- [About this exercise] Copy exactly the lines of the records below, and only those lines, beginning with the line that contains "Milk or juice" and ending with the line that contains "and clinical applications的綜述。".

- [Records shown]

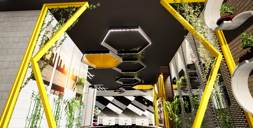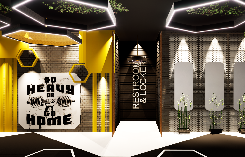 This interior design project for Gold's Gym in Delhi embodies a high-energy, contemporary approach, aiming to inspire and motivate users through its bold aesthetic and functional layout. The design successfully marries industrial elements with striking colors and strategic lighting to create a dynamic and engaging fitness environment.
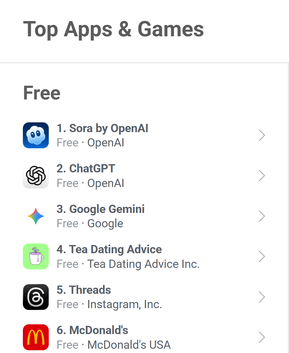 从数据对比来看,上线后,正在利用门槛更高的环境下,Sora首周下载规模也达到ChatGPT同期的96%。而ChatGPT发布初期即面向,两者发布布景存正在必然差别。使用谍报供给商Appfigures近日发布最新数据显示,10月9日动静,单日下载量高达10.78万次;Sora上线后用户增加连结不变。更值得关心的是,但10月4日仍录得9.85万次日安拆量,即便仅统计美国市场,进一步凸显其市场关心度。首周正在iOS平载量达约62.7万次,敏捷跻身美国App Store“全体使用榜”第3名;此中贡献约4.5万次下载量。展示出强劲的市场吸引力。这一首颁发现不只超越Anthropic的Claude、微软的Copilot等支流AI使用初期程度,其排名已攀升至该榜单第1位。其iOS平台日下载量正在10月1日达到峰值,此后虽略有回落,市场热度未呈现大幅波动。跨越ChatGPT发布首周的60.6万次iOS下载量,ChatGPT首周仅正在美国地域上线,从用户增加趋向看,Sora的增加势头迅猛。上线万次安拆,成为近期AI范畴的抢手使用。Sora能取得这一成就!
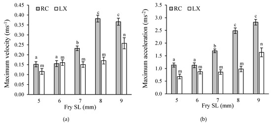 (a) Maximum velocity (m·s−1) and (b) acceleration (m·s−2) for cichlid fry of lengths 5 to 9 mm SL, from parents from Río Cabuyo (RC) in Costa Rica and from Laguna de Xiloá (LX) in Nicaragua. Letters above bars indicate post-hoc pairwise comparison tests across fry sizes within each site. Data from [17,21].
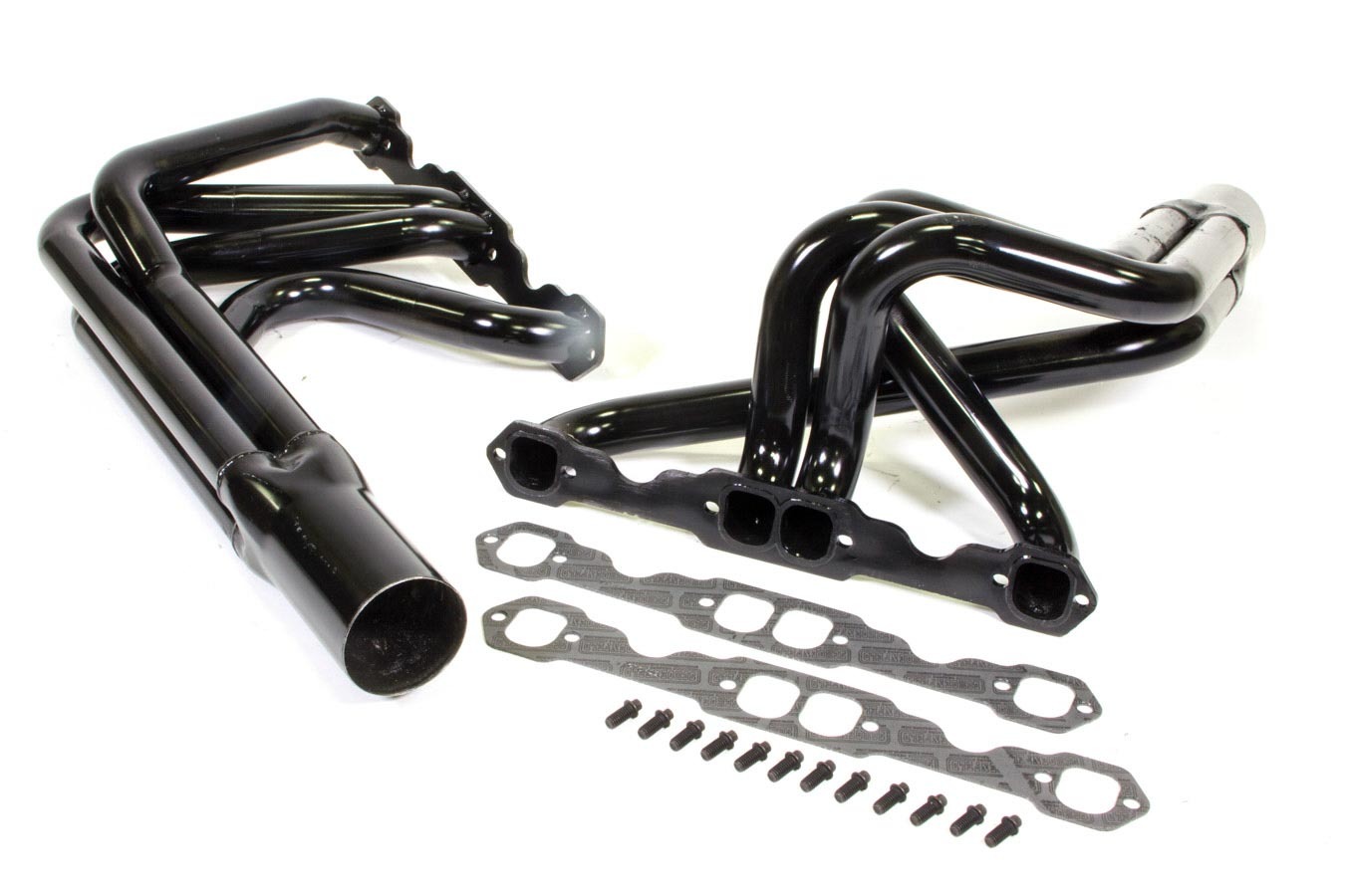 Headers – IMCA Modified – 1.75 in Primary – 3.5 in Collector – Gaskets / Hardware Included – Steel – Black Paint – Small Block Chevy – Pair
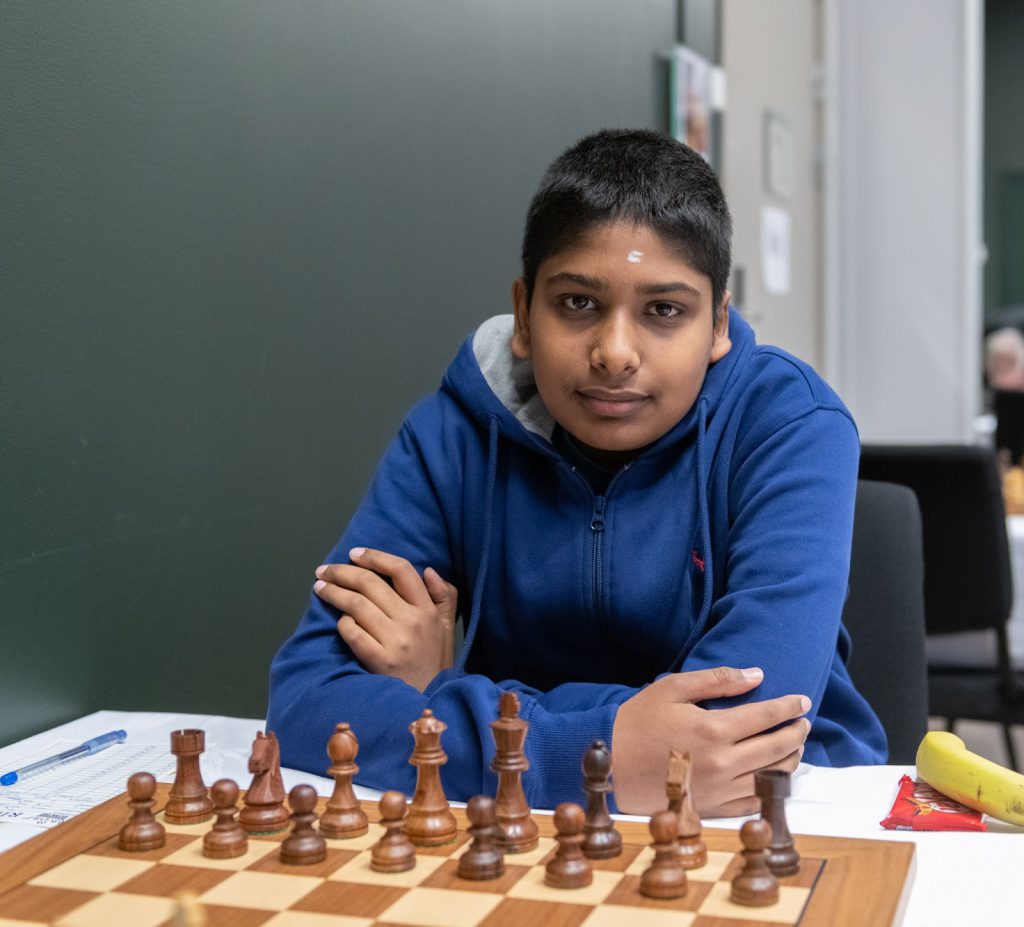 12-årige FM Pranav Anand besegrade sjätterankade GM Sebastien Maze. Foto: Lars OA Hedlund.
...
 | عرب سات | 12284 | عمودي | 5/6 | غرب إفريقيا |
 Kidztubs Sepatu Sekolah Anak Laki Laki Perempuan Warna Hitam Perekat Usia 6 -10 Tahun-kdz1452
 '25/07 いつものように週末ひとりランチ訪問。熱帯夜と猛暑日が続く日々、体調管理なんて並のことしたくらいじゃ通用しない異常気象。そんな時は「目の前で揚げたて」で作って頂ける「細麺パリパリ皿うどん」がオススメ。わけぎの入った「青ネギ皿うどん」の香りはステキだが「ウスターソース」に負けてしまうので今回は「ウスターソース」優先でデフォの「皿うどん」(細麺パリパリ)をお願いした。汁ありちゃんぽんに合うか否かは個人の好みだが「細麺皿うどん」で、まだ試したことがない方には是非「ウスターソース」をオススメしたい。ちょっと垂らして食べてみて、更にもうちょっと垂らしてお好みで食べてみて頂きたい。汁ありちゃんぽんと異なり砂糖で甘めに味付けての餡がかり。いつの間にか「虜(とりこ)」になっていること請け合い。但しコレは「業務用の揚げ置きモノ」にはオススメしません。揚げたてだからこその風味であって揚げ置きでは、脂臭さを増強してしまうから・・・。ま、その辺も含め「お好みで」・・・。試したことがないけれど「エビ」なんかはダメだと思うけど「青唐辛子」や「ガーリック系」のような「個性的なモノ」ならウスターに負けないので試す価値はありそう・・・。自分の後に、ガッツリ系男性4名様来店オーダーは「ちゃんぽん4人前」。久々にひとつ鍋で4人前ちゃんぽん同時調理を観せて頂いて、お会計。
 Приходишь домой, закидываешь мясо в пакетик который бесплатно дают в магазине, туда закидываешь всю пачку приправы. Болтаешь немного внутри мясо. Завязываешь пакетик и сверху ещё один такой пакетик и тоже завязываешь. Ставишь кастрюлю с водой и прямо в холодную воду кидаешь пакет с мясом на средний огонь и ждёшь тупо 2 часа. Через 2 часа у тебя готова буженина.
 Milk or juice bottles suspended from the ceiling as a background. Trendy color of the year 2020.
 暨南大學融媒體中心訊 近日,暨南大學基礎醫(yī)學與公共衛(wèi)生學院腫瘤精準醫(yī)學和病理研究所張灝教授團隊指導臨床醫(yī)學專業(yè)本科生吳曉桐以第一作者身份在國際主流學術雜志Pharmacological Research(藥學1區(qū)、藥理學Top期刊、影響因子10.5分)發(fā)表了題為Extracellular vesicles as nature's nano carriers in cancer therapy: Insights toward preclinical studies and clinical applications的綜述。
---
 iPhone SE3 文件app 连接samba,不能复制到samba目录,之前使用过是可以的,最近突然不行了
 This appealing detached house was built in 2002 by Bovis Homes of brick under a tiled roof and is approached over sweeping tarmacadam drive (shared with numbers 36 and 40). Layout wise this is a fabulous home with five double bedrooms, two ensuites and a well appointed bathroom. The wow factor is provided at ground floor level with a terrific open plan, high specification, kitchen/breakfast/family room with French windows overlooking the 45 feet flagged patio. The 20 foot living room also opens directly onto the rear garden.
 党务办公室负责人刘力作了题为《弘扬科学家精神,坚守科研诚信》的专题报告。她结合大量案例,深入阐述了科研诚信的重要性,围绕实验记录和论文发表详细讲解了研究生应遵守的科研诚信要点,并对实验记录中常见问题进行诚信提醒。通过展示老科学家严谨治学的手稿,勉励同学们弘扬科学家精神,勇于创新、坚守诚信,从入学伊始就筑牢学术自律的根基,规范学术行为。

- [Solution below]
 Milk or juice bottles suspended from the ceiling as a background. Trendy color of the year 2020.
 暨南大學融媒體中心訊 近日,暨南大學基礎醫(yī)學與公共衛(wèi)生學院腫瘤精準醫(yī)學和病理研究所張灝教授團隊指導臨床醫(yī)學專業(yè)本科生吳曉桐以第一作者身份在國際主流學術雜志Pharmacological Research(藥學1區(qū)、藥理學Top期刊、影響因子10.5分)發(fā)表了題為Extracellular vesicles as nature's nano carriers in cancer therapy: Insights toward preclinical studies and clinical applications的綜述。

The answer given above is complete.